Um dos rostos do denominado "Ato Mundial Stop Bolsonaro" em Lisboa foi Raphael Reis, membro da delegação lisboeta do Partido dos Trabalhadores (PT). Com 35 anos e a viver em Portugal há cerca de ano e meio, o economista alertou para a "naturalização do absurdo" em curso no Brasil e salientou o impacto que este protesto internacional pode ter em solo brasileiro.

"Acreditamos que o impacto da solidariedade internacional possa ser muito grande, porque sabemos que as forças democráticas e a imprensa responsável fora do Brasil conseguem contribuir e interferir positivamente no Brasil. Hoje, o país passa por um momento muito difícil, com 58 mil mortos e um grande número de infetados [por covid-19]. Acreditamos que este grande ato possa trazer uma maior clareza para as pessoas que vivem no Brasil", afirmou.

Considerando "natural" uma mobilização algo aquém das expectativas, por causa da pandemia, o ativista contou ainda assim com o apoio de vários grupos e partidos portugueses, nomeadamente o PCP e os Verdes, e realçou a ligação que une os dois países.

"Portugal, pelos laços que tem com o Brasil, mostra-se solidário. Temos aqui vários coletivos portugueses e partidos que estão preocupados. Achamos que é [uma presença] importante não só por causa da língua, mas também porque esta voz que ecoa aqui, ecoa também na Europa", notou.

Munida com um cartaz com a inscrição "Fora Bozo", Márcia Coimbra foi das primeiras a acorrer à ação de protesto no Rossio. Com 63 anos, esta antiga professora brasileira a viver em Portugal há cerca de 16 anos admitiu à Lusa não ter hesitado na decisão de vir até à manifestação contra Jair Bolsonaro.

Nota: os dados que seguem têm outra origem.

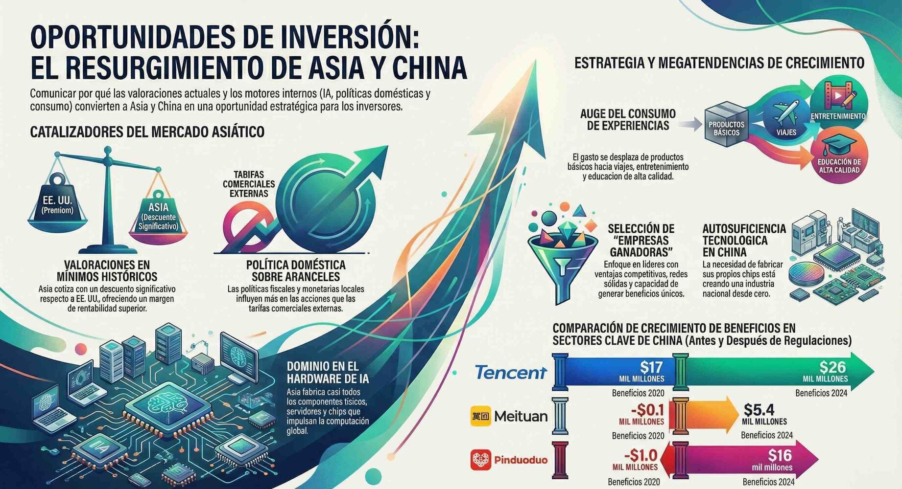 El panorama de inversión en Asia y China presenta una oportunidad única fundamentada en 3 motivaciones principales como valoraciones históricamente bajas, el crecimiento de la clase media y una resiliencia inesperada ante las tensiones comerciales internacionales. A pesar de las preocupaciones por la reintroducción de aranceles bajo la administración Trump, el análisis de datos históricos y económicos indica que la política doméstica es un motor mucho más potente para los mercados asiáticos que las barreras comerciales externas.

"Saí hoje da minha quarentena para vir aqui juntar o meu protesto ao protesto de todos os brasileiros que estão no Brasil sofrendo, sem trabalho, pelos povos indígenas, pela floresta amazónica, pelas instituições democráticas. Não podemos continuar mais com esse governo", vincou, confessando estar ainda a torcer pela criação de um processo de destituição contra o líder brasileiro.

Menos ativo, mas igualmente presente desde a primeira hora, Valter Vilar, de 50 anos, considerou que o Brasil tem atualmente "um genocida no poder", indiferente aos "quase 60 mil brasileiros que morreram" devido ao novo coronavírus.

Manifestantes pedem destituição de Bolsonaro

Em Brasília, onde o protesto incluiu também uma cerimónia ecuménica com a participação de líderes indígenas, os manifestantes pediram ao congresso a abertura de um processo político de destituição contra Bolsonaro.

"Foi um ato para denunciar os responsáveis por este genocídio", afirmou a professora Lucia Iwanow, uma das organizadoras do protesto.

Entre os manifestantes em Brasília destacou-se a presença do ex-ministro Gilberto Carvalho e da deputada federal Erica Kokay, dois importantes dirigentes do Partido dos Trabalhadores.

Jair Bolsonaro é um dos governantes mundiais mais céticos em relação à gravidade da pandemia. Chegou a qualificar a covid-19 como uma "gripezinha", defendendo a imediata normalização de todas as atividades e o fim das medidas de distanciamento social impostas pelos governadores e municípios para enfrentar o novo coronavírus.

A pandemia de covid-19 já provocou mais de 500.000 mortos e infetou mais de 10 milhões de pessoas em 196 países e territórios, segundo um balanço feito este domingo pela agência francesa AFP.